For this exercise, retype the lines from the one that holds "The vis on the" through the one that holds "歌单助手(com.buyao" in the records below, both included, exactly and without pictures.

▶ [TASK MATERIAL]:
'''

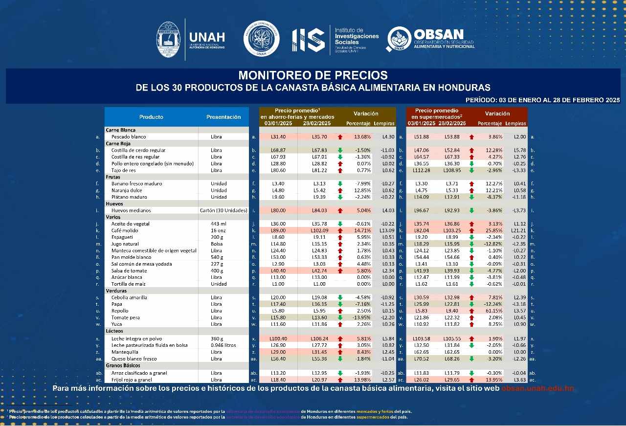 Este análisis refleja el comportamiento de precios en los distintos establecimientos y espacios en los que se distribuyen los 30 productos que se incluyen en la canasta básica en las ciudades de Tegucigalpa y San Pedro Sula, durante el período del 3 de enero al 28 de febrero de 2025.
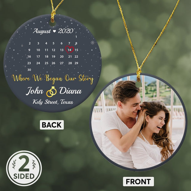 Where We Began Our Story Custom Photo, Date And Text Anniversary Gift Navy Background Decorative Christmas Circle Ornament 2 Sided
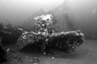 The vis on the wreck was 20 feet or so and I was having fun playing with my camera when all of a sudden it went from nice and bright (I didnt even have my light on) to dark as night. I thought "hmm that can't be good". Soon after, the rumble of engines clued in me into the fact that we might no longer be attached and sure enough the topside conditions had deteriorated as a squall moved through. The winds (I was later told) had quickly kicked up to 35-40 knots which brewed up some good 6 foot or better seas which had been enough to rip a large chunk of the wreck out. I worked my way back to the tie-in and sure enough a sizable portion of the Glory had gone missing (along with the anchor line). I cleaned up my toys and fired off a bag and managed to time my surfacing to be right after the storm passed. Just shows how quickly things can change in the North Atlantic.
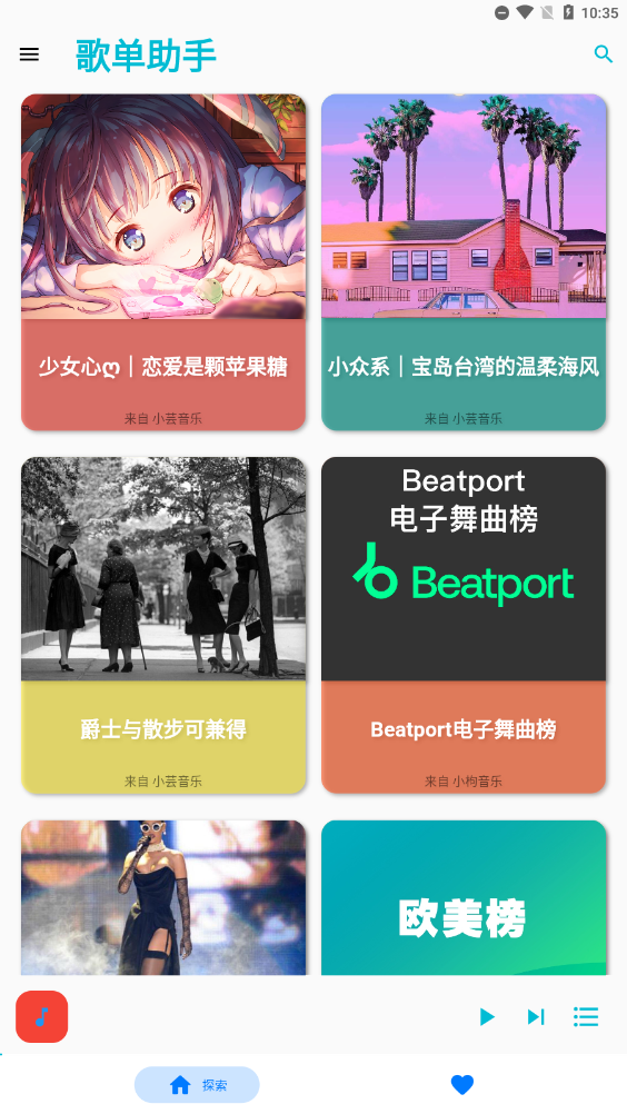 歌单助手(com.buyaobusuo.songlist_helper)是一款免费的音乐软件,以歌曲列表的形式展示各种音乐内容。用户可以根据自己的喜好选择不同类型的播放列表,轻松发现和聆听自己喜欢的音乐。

'''
'''

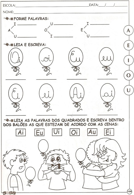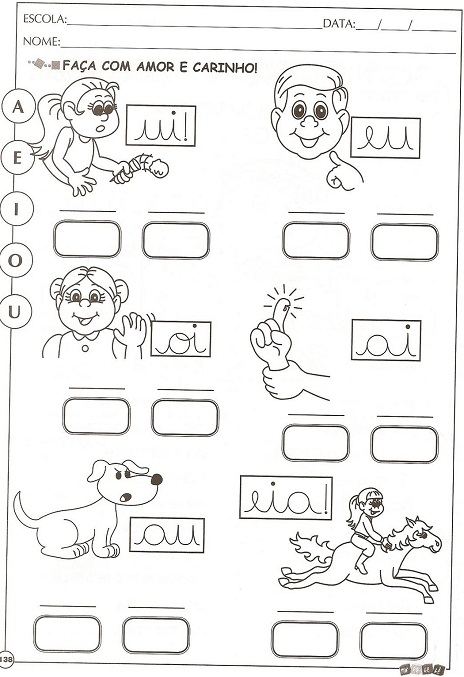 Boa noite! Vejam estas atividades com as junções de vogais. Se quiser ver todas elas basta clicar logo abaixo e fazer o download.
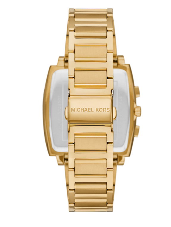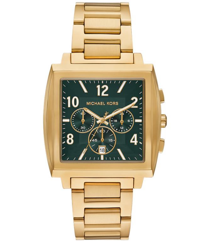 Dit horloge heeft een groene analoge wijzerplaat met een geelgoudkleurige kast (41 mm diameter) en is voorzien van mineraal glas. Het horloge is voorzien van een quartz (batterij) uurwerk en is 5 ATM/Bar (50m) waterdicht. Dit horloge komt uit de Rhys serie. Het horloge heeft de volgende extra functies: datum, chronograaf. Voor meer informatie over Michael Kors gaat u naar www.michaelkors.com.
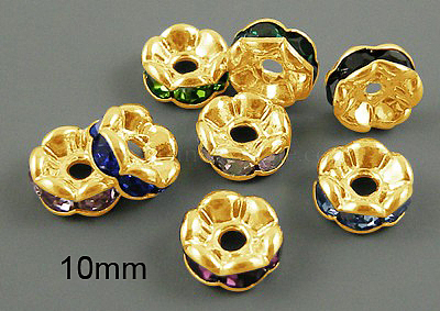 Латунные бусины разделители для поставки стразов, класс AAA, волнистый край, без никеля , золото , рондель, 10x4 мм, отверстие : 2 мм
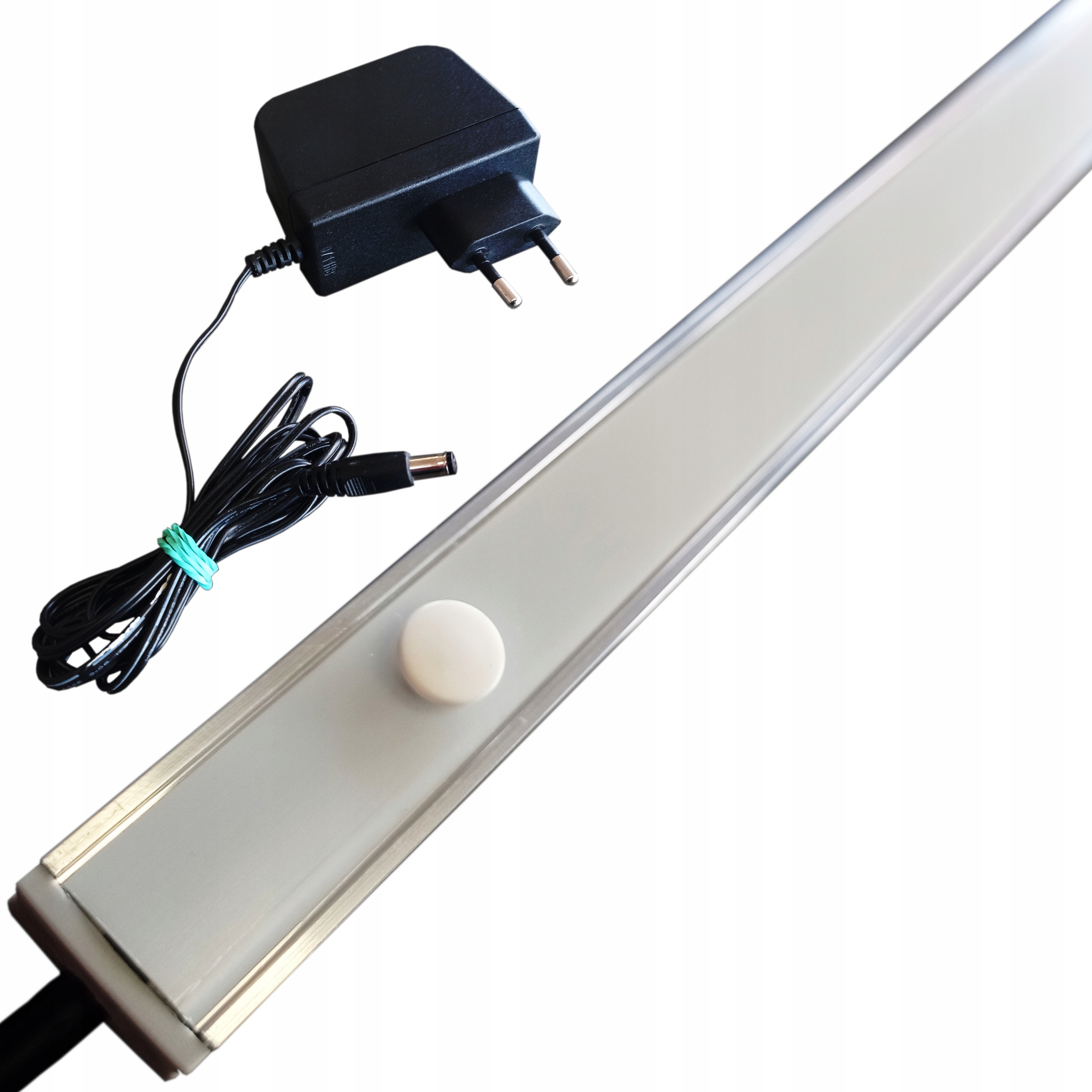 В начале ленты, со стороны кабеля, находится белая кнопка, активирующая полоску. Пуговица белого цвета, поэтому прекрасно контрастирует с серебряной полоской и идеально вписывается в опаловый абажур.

'''

▶ [RESULT FOR THIS TASK]:
 The vis on the wreck was 20 feet or so and I was having fun playing with my camera when all of a sudden it went from nice and bright (I didnt even have my light on) to dark as night. I thought "hmm that can't be good". Soon after, the rumble of engines clued in me into the fact that we might no longer be attached and sure enough the topside conditions had deteriorated as a squall moved through. The winds (I was later told) had quickly kicked up to 35-40 knots which brewed up some good 6 foot or better seas which had been enough to rip a large chunk of the wreck out. I worked my way back to the tie-in and sure enough a sizable portion of the Glory had gone missing (along with the anchor line). I cleaned up my toys and fired off a bag and managed to time my surfacing to be right after the storm passed. Just shows how quickly things can change in the North Atlantic.
 歌单助手(com.buyaobusuo.songlist_helper)是一款免费的音乐软件,以歌曲列表的形式展示各种音乐内容。用户可以根据自己的喜好选择不同类型的播放列表,轻松发现和聆听自己喜欢的音乐。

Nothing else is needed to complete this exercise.